The government — reeling from an endless stream of leaks exposing lockdown-breaching revelry at No 10 — is desperate to distract us.

Nothing else could explain the bizarre decision to send Liz Truss to Moscow this week to talk up the threat of war when she had nothing to say to the Russians and no proposals to make.

A Labour leader who connives at the pretence that Russia is about to invade Ukraine — something the Ukrainian government itself has repeatedly asked London and Washington to stop saying — is giving the Tories a free pass in order to give his predecessor and the anti-imperialist left a kicking.

His pointless trip to the Nato headquarters in Brussels, merely to pledge his allegiance to the most dangerous military alliance on the planet and apologise to the masters of war for his party’s failure to dance to their tune under Jeremy Corbyn, was a stunt as superfluous as Truss’s and exposes his priorities at this key juncture for our movement.

The Labour right knows that a wave of anger over the cost of living and a surge in protests and strikes will reignite conversations about who owns and controls Britain and spell opportunities for the left.

They are determined to counter those by ramping up the smears against left organisations such as the Stop the War Coalition and intensifying their internal war on socialists — as Peter Mandelson made clear with his warning to the Socialist Campaign Group not to promote policies Keir Starmer doesn’t support, such as public ownership.

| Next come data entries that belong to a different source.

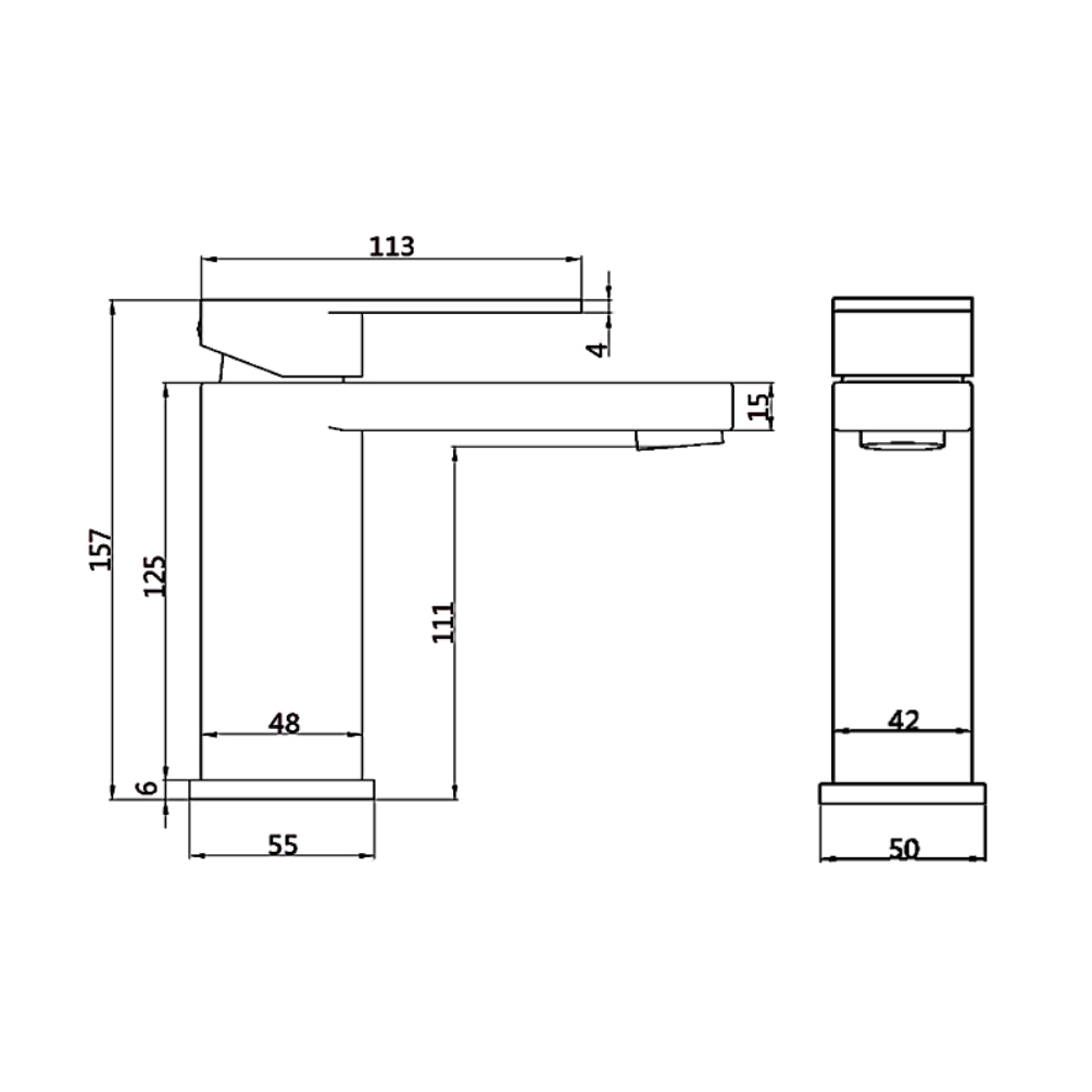 The cubic tap body of this mono basin mixer, which measures 42mm in width and 157mm in height, is softened by its rounded edges to produce its uniformly sculpted frame. This motif continues into the shaping of its rectangular spout, which similarly employs curvaceous edges and corners to blend its smooth sides while maintaining its geometric appearance.
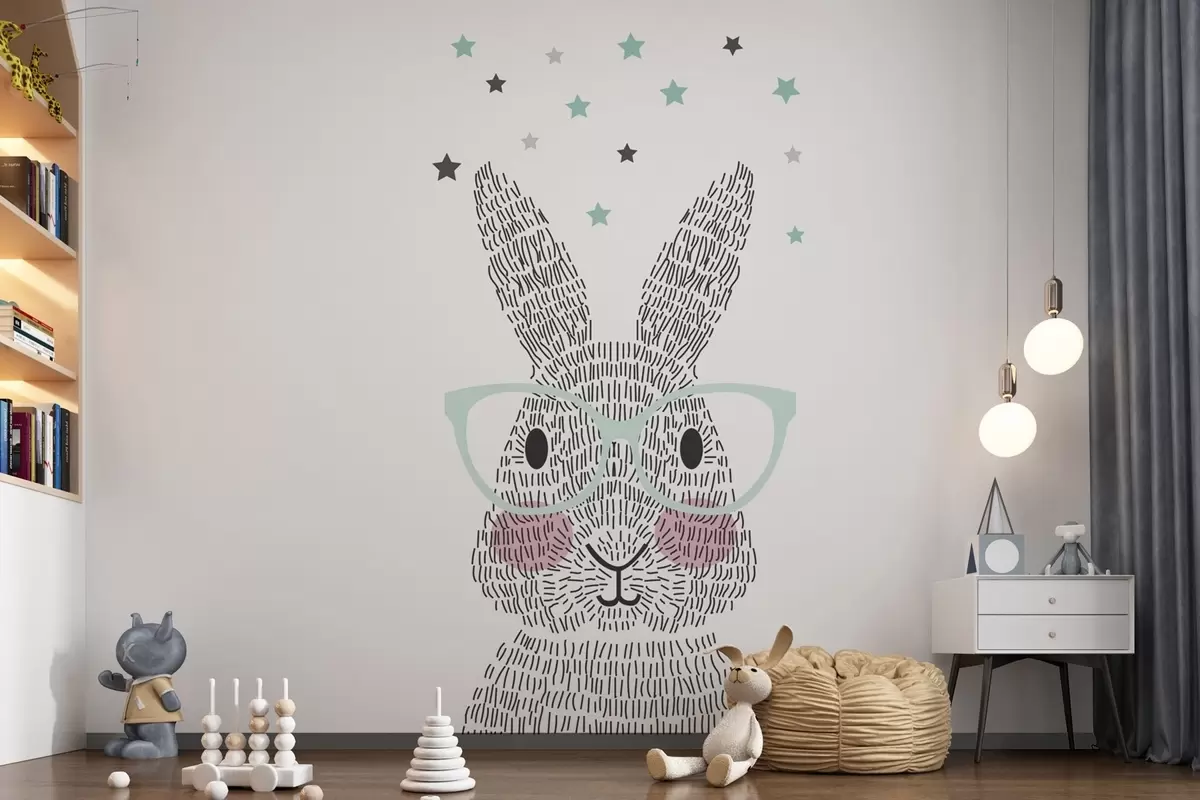 Murais de parede Coelhinho inteligente com óculos elegantes Nr. w00159
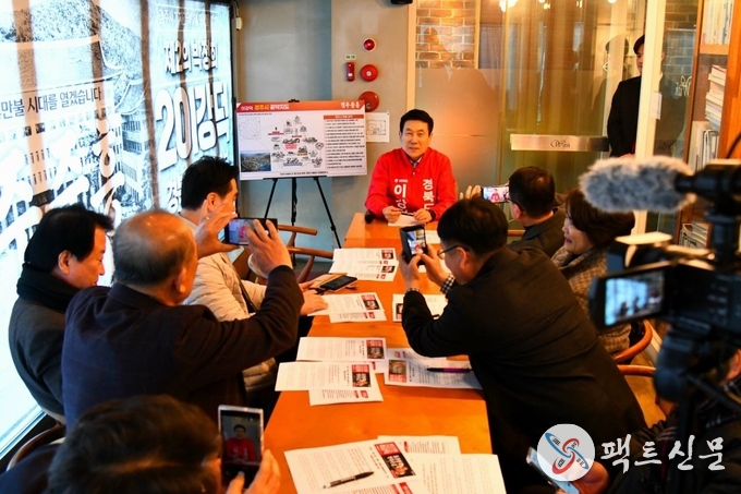 이강덕 국민의힘 경북도지사 예비후보는 9일 경주시에서 기자간담회를 열고 경주 건천을 SMR(소형모듈원자로) 가속기와 미래차 산업이 결합된 경제자유구역으로 신규 지정하겠다는 구상을 내놨다.
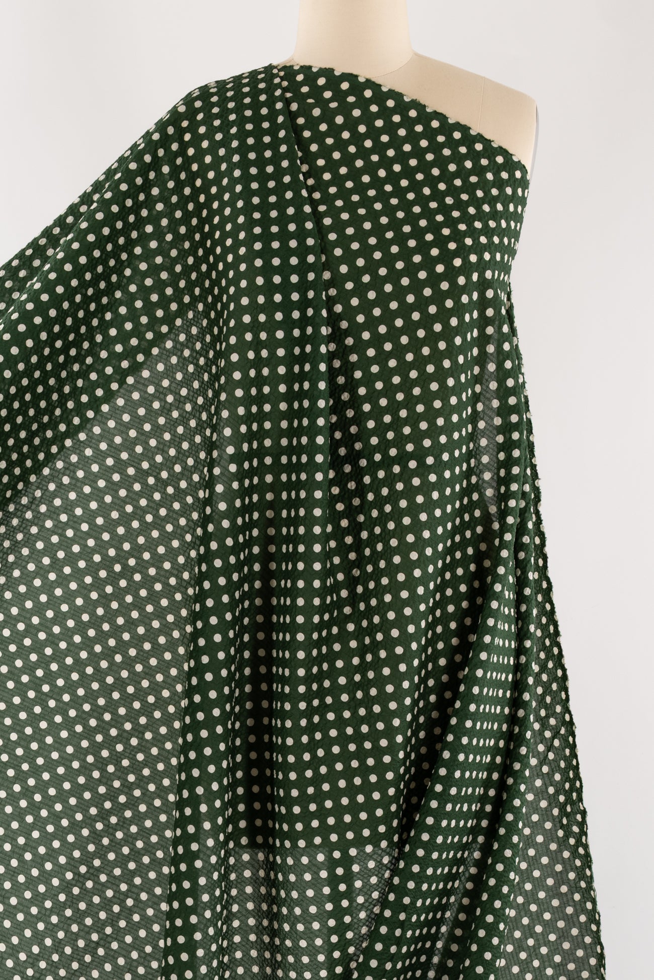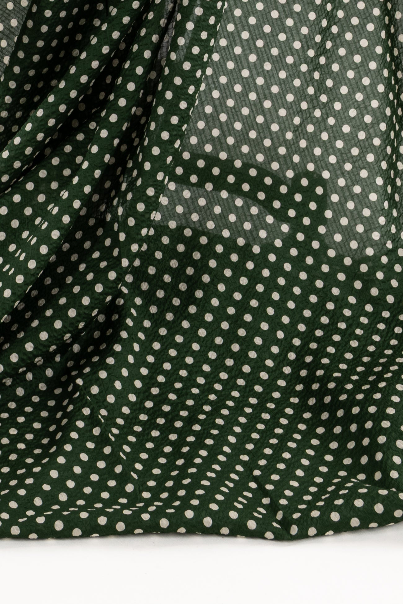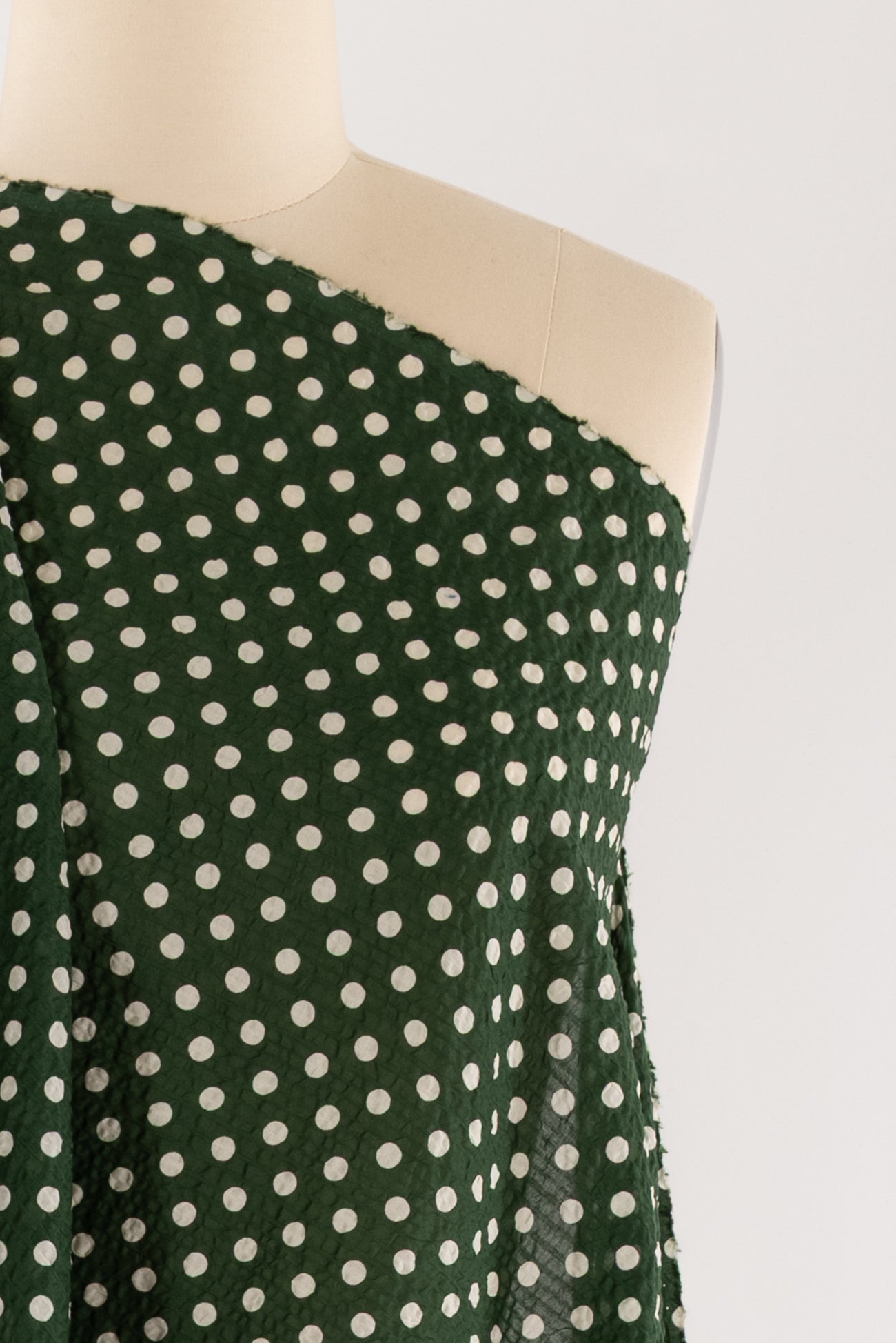 Delightful dots in laurel green on white seersucker, impeccable quality deadstock from a Japanese mill. The softly crimped texture of seersucker ensures it does not cling, delivering cool comfort even in the hottest climates. Perfect for the heat of summer whether you are in city or country. Lovely shirting/dress weight with an appealing soft cool lightly textured hand, supple drape and 1" repeat. Perfect for a shirt, blouse, dress, tunic, soft pants, caftan, kimono, men's or children's. Limited quantity available.

The truth is that the reckoning we need with the rich at home is inseparable from an end to Britain’s support for US warmongering abroad.

The new cold war we support in obeisance to Washington is seeing massive rises in military spending while our pay is cut and the NHS groans under an unmanageable treatment backlog.

And Britain’s backing for an unjust and super-exploitative world order policed by the United States has its roots in the crooked financial interests that dominate the City of London, the same that distort our whole economy and ensure corporate profit always trumps human need.

Today’s demonstrations must be the start of a campaign to challenge all that. Britain needs a pay rise; nobody needs a war.